REX earns revenue primarily by selling fuel-grade ethanol and co-products—distillers grains and corn oil—produced at its dry-mill plants. The economics depend on the spread between corn input costs and ethanol output prices, plus the market value of the co-products. It also collects rent from a legacy portfolio of commercial real estate properties, though that segment is small relative to ethanol operations.
Who controls investment decisions at REX American Resources?
Executive Chairman Stuart Rose exercises outsized influence on capital-allocation choices. He has led the company through its retail-to-ethanol transformation and personally guided the share-repurchase program that has retired over a third of outstanding shares. Major decisions route through a board where Rose holds significant voting authority, giving the firm the governance profile of a founder-led enterprise.
Does REX carry significant debt?
No. The company routinely discloses zero borrowings under any revolving credit facilities and no long-term bank debt on its consolidated balance sheet.
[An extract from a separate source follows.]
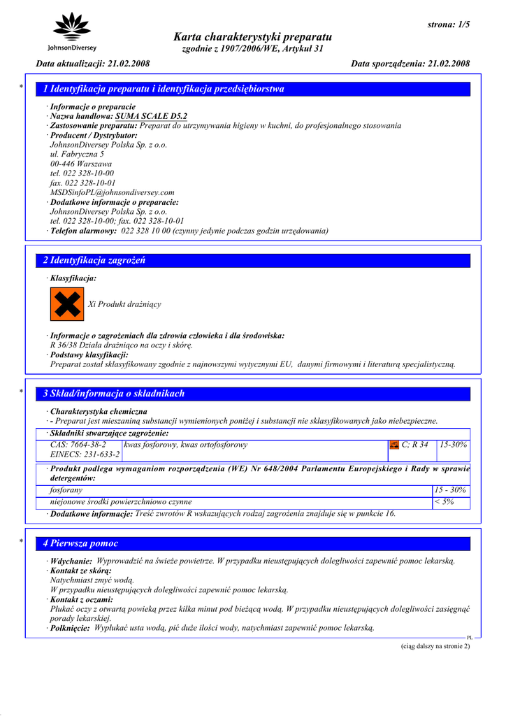 DR strona: 1/5 Karta charakterystyki preparatu zgodnie z 1907/2006/WE, Artykuł 31 Data aktualizacji: 21.02.2008 * Data sporządzenia: 21.02.2008 1 Identyfikacja preparatu i identyfikacja przedsiębiorstwa · Informacje o preparacie · Nazwa handlowa: SUMA SCALE D5.2 · Zastosowanie preparatu: Preparat do utrzymywania higieny w kuchni, do profesjonalnego stosowania · Producent / Dystrybutor: JohnsonDiversey Polska Sp. z o.o. ul. Fabryczna 5 00-446 Warszawa tel. 022 328-10-00 fax. 022 328-10-01 [email protected] · Dodatkowe informacje o preparacie: JohnsonDiversey Polska Sp. z o.o. tel. 022 328-10-00; fax. 022 328-10-01 · Telefon alarmowy: 022 328 10 00 (czynny jedynie podczas godzin urzędowania) 2 Identyfikacja zagroŜeń · Klasyfikacja: Xi Produkt draŜniący · Informacje o zagroŜeniach dla zdrowia człowieka i dla środowiska: R 36/38 Działa draŜniąco na oczy i skórę. · Podstawy klasyfikacji: Preparat został sklasyfikowany zgodnie z najnowszymi wytycznymi EU, danymi firmowymi i literaturą specjalistyczną. * 3 Skład/informacja o składnikach · Charakterystyka chemiczna · - Preparat jest mieszaniną substancji wymienionych poniŜej i substancji nie sklasyfikowanych jako niebezpieczne. · Składniki stwarzające zagroŜenie: CAS: 7664-38-2 kwas fosforowy, kwas ortofosforowy C; R 34 15-30% EINECS: 231-633-2 · Produkt podlega wymaganiom rozporządzenia (WE) Nr 648/2004 Parlamentu Europejskiego i Rady w sprawie detergentów: fosforany 15 - 30% niejonowe środki powierzchniowo czynne < 5% · Dodatkowe informacje: Treść zwrotów R wskazujących rodzaj zagroŜenia znajduje się w punkcie 16. * 4 Pierwsza pomoc · Wdychanie: Wyprowadzić na świeŜe powietrze. W przypadku nieustępujących dolegliwości zapewnić pomoc lekarską. · Kontakt ze skórą: Natychmiast zmyć wodą. W przypadku nieustępujących dolegliwości zapewnić pomoc lekarską. · Kontakt z oczami: Płukać oczy z otwartą powieką przez kilka minut pod bieŜącą wodą. W przypadku nieustępujących dolegliwości zasięgnąć porady lekarskiej. · Połknięcie: Wypłukać usta wodą, pić duŜe ilości wody, natychmiast zapewnić pomoc lekarską. PL (ciąg dalszy na stronie 2) DR strona: 2/5 Karta charakterystyki preparatu zgodnie z 1907/2006/WE, Artykuł 31 Data aktualizacji: 21.02.2008 Data sporządzenia: 21.02.2008 Nazwa handlowa: SUMA SCALE D5.2 (ciąg dalszy od strony 1) * 5 Postępowanie w przypadku poŜaru · Zalecane środki gaśnicze: CO2, proszek gaśniczy lub woda. Większy poŜar gasić strumieniem wody lub pianą odporną na działanie alkoholu. · Środki ochrony indywidualnej straŜaków: : śadne specjalne środki nie są konieczne. * 6 Postępowanie w przypadku niezamierzonego uwolnienia do środowiska · Indywidualne środki ostroŜności: Nie są wymagane. · Środki ostroŜności dotyczące ochrony środowiska: Zapobiec przenikaniu do ścieków, wód powierzchniowych i wód gruntowych. · Metody oczyszczania: Zebrać za pomocą materiału wiąŜącego ciecze (piasek, ziemia okrzemkowa, materiał wiąŜący uniwersalny, trociny). Zebrany materiał usunąć zgodnie z wytycznymi w punkcie 13. Zanieczyszczone powierzchnie spłukać wodą. * 7 Postępowanie z preparatem i jego magazynowanie · 1. Postępowanie z preparatem: · Informacje dotyczące bezpiecznego postępowania: Podczas pracy z preparatem przestrzegać ogólnie przyjętych zasad BHP obowiązujących przy pracy z chemikaliami. · Informacje dotyczące bezpieczeństwa poŜarowego i wybuchowego: śadne szczególne środki ostroŜności nie są wymagane. · 2. Magazynowanie: · Wymagania dotyczące pomieszczeń magazynowych i opakowań: Magazynować tylko w oryginalnych opakowaniach. Zgodnie z lokalnym prawem. · Informacje dotyczące wspólnego magazynowania: Zgodnie z lokalnym prawem. Nie magazynować wspólnie z alkaliami. · Dodatkowe informacje dotyczące warunków magazynowania: Brak. * 8 Kontrola naraŜenia i środki ochrony indywidualnej · Wartości graniczne naraŜenia: · Preparat zawiera składniki wymagających kontroli stęŜenia w środowisku pracy: 7664-38-2 kwas fosforowy, kwas ortofosforowy NDS NDSCh: 2 mg/m3 NDS: 1 mg/m3 · Dodatkowe informacje: Podstawę stanowią aktualnie obowiązujące wykazy. · 2. Kontrola naraŜenia · 2.1. Kontrola naraŜenia w miejscu pracy: Trzymać z dala od produktów spoŜywczych, napojów i pasz. OdzieŜ zanieczyszczoną preparatem natychmiast zdjąć Myć ręce przed przerwą i po pracy z preparatem. Unikać kontaktu z oczami i skórą. · a) Ochrona dróg oddechowych: Środki ochrony indywidualnej nie są wymagane. Nalezy jednak unikać wdychania pyłów, oparów i aerozoli preparatu. · b) Ochrona rąk: Rękawice ochronne (ciąg dalszy na stronie 3) PL DR strona: 3/5 Karta charakterystyki preparatu zgodnie z 1907/2006/WE, Artykuł 31 Data aktualizacji: 21.02.2008 Data sporządzenia: 21.02.2008 Nazwa handlowa: SUMA SCALE D5.2 (ciąg dalszy od strony 2) Materiał, z którego wykonane są rękawice musi być nieprzepuszczalny i odporny na działanie preparatu. · Materiał, z którego powinny być wykonane rękawice: Guma nitrylowa, NBR · Czas przenikania dla materiału, z którego wykonane są rękawice: Od producenta rękawic naleŜy uzyskać dokładną informację o czasie przenikania i go przestrzegać. · c) Ochrona oczu: W przypadku wystąpienia ryzyka chlapnięcia do oczu stęŜonego preparatu zaleca się nosić okulary ochronne. * 9 Właściwości fizyczne i chemiczne · 1. Informacje ogólne Postać: Kolor: Zapach: Temperatura topnienia: Temperatura wrzenia: · Temperatura zapłonu: · Temperatura zapłonu: · Temperatura samozapłonu: · Właściwości wybuchowe: · PręŜność pary: · Gęstość w 20°C: · Rozpuszczalność w: wodzie: · Odczyn pH w 20°C: Ciecz Przeźroczysty Charakterystyczny Nie określono. Nie dotyczy. Nie stosuje się. nie określono Nie ulega samozapłonowi. Preparat nie jest wybuchowy. nie określono 1,113 g/cm3 bez ograniczeń. 1,0 · Wspó

This is unusual among ethanol producers, most of which finance plant construction or working-capital needs with secured credit lines. REX funds operations and buybacks from internally generated cash and liquid reserves.
What are the main operating assets?
The consolidated plants are One Earth Energy in Gibson City, Illinois, and NuGen Energy in Marion, South Dakota. Both are dry-mill facilities producing ethanol, distillers grains, and corn oil. REX also owns minority stakes in other production entities, including historically Big River Resources, though the exact ownership percentages vary with partnership agreements and periodic restructuring.
Why does a former retail company own ethanol plants?
The original business, an appliance and electronics retailer, accumulated substantial net operating loss carryforwards before closing its stores. When Stuart Rose shifted the corporate entity into grain processing, those tax assets became usable against ethanol income, creating a structural tax advantage that peer producers could not replicate. The move was a legal-entity play rather than an operational pivot by the same management team.